*Task objective*:
Nothing but the pictures should be dropped; repeat the rest of the data below exactly.

===== Data block =====

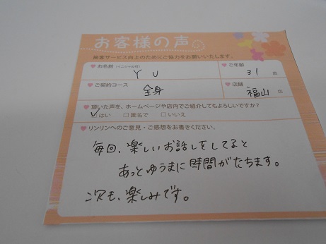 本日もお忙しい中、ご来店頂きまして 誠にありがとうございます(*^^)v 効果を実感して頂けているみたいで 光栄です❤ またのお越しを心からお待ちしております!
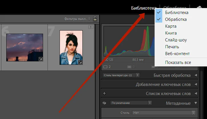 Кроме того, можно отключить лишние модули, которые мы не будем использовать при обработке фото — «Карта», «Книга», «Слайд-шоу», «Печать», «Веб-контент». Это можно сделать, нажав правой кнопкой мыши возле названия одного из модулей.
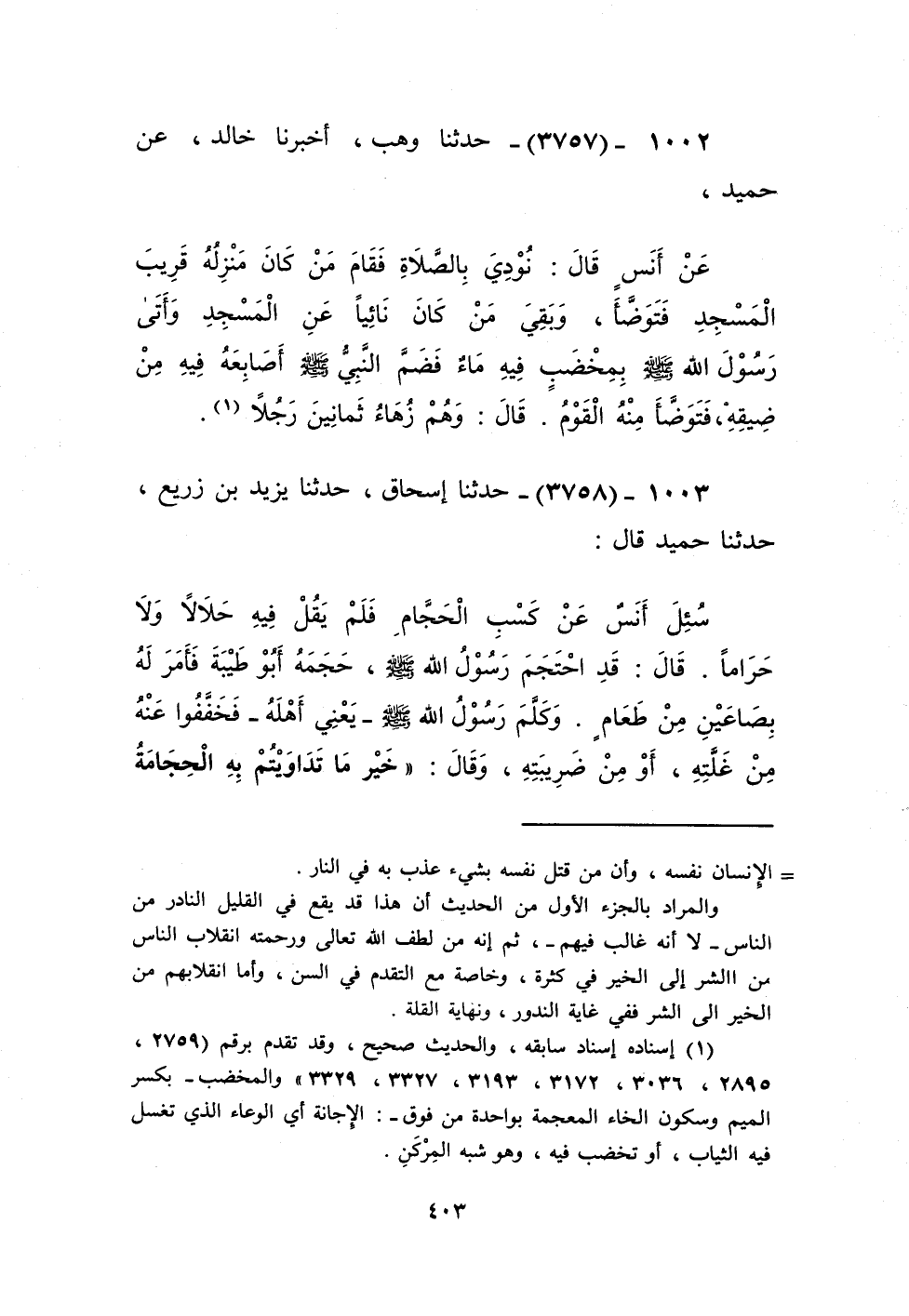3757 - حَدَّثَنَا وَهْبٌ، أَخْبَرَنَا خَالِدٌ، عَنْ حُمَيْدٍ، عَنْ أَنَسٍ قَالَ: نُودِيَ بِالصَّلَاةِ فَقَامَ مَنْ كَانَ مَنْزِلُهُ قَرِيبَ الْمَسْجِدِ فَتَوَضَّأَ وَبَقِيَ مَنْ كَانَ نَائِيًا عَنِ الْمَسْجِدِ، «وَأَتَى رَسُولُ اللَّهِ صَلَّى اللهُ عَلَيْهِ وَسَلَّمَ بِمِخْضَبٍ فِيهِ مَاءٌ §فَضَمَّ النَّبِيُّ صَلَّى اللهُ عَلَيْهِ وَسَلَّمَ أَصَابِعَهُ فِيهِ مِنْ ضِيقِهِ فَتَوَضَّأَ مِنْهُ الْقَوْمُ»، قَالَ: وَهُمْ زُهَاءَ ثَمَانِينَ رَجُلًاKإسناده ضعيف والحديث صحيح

=====

*Solved problem*:
 本日もお忙しい中、ご来店頂きまして 誠にありがとうございます(*^^)v 効果を実感して頂けているみたいで 光栄です❤ またのお越しを心からお待ちしております!
 Кроме того, можно отключить лишние модули, которые мы не будем использовать при обработке фото — «Карта», «Книга», «Слайд-шоу», «Печать», «Веб-контент». Это можно сделать, нажав правой кнопкой мыши возле названия одного из модулей.
3757 - حَدَّثَنَا وَهْبٌ، أَخْبَرَنَا خَالِدٌ، عَنْ حُمَيْدٍ، عَنْ أَنَسٍ قَالَ: نُودِيَ بِالصَّلَاةِ فَقَامَ مَنْ كَانَ مَنْزِلُهُ قَرِيبَ الْمَسْجِدِ فَتَوَضَّأَ وَبَقِيَ مَنْ كَانَ نَائِيًا عَنِ الْمَسْجِدِ، «وَأَتَى رَسُولُ اللَّهِ صَلَّى اللهُ عَلَيْهِ وَسَلَّمَ بِمِخْضَبٍ فِيهِ مَاءٌ §فَضَمَّ النَّبِيُّ صَلَّى اللهُ عَلَيْهِ وَسَلَّمَ أَصَابِعَهُ فِيهِ مِنْ ضِيقِهِ فَتَوَضَّأَ مِنْهُ الْقَوْمُ»، قَالَ: وَهُمْ زُهَاءَ ثَمَانِينَ رَجُلًاKإسناده ضعيف والحديث صحيح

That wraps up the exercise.